According to Hydrawell records, PWC® has been used to set 215 annulus cement plugs in different areas round the world exceeding 97% success rate as measured by 15 different operators.

Click on picture for larger version

Permanent_barrier.png

Figure 1. Source: Guidelines for the Abandonment of Wells, p12 (OGUK, 2015)

From the presentations delivered at OWI and the conversations held with Mr. Ringrose, I could summarize two keys aspects of the PWC® technology:

    • Time-Saving
      While the conventional method of section milling, under-reaming and then placing a cement plug typically takes ten days in a trouble-free operation (however, this method is prone to significant trouble time and can take significantly longer), the HydraWell method takes 2 – 4 days.
    • Cement plug quality
      Due to the effective annulus cleaning and cement placement technology, cement plug quality increases as displacement of wellbore fluids is enhanced, and impact of contamination is reduced.

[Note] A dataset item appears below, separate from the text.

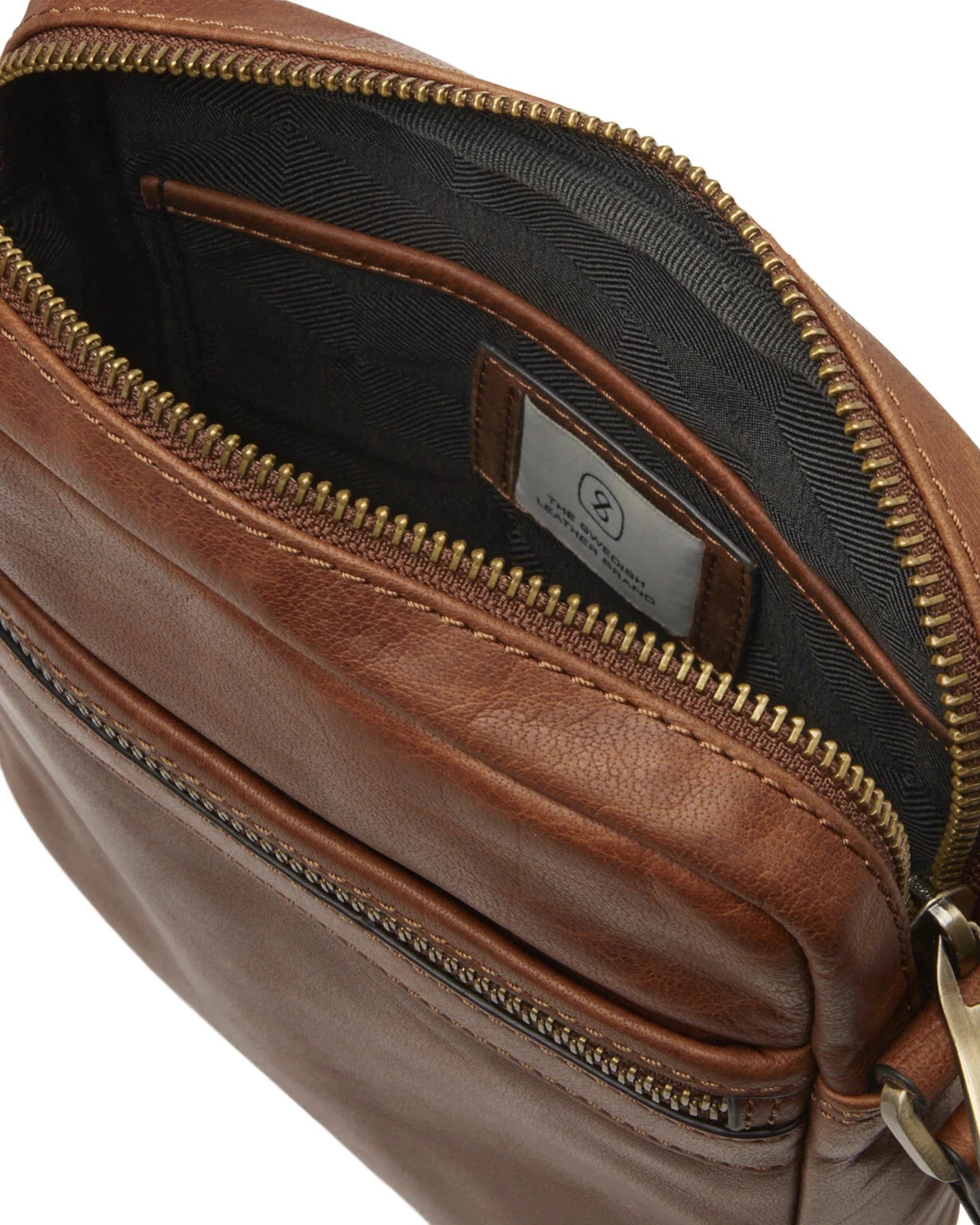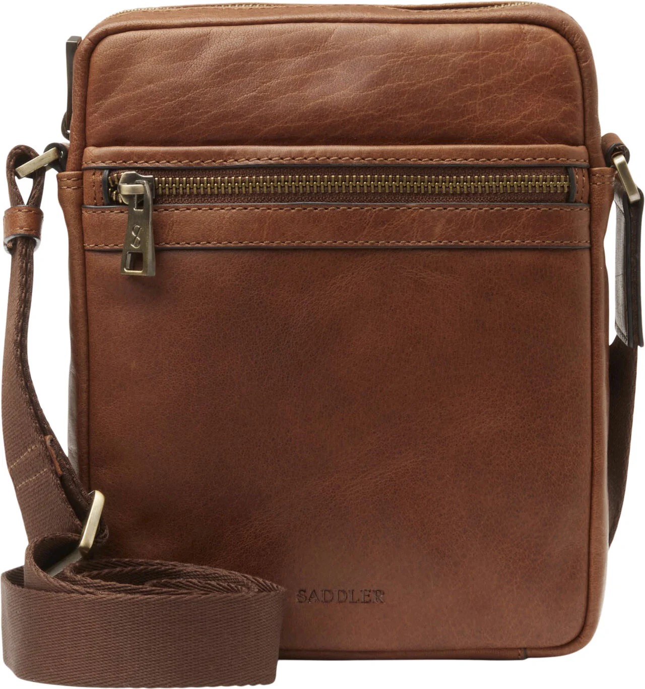 Skuldertaske model Valle fra Saddler. Tasken er produceret i lækkert bøffellæder og der er justerbar skulderrem i textil.

This technology also allows for plugs to be effectively set through two strings of casing -into two annuli- at the same time.

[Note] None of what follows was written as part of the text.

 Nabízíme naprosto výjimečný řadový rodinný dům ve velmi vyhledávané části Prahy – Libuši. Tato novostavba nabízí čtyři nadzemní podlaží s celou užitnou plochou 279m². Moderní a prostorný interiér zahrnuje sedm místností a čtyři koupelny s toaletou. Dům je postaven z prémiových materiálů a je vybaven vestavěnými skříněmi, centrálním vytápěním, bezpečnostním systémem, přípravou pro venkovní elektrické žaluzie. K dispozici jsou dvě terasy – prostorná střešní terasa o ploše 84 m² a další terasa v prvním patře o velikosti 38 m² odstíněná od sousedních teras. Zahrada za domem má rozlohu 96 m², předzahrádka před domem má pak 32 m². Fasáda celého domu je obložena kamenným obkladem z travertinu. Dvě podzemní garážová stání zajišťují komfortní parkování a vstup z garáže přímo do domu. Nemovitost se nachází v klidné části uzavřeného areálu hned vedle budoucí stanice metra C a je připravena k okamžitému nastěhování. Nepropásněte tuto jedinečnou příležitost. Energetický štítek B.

PWC® is not only valuable for wells requiring P&A interventions aiming at fulfilling the annulus barrier requirements in the UKOG guidelines; PWC® can also be useful in wells that are shut-in due to unbleedable annulus pressure in annulus B or C. The technique can provide a reliable method of placing annular barrier(s) -closer to the leak source- and returning these wells to production or injection.

Along the same line of thought, this deployment method can be utilized to repair “wet casing shoes” and achieve the required isolation – before drilling into the next zone after a poorly executed primary cement job. Or to allow the setting of a side-track whipstock across an uncemented (or poorly cemented) area, setting a casing exit support plug in the annulus.

WHAT ABOUT RESINS?

Needless to say, the capabilities of the tool left me and other delegates at the OWI convention astonished. A topic of discussion that came up during one of the presentations was the use of conventional cement versus micro-cement together with the PWC® tool. But then it wasn’t long before the conversation revolved around the combination of PWC® and resins as a mechanism of achieving deeper penetration and enhanced isolation behind the annulus.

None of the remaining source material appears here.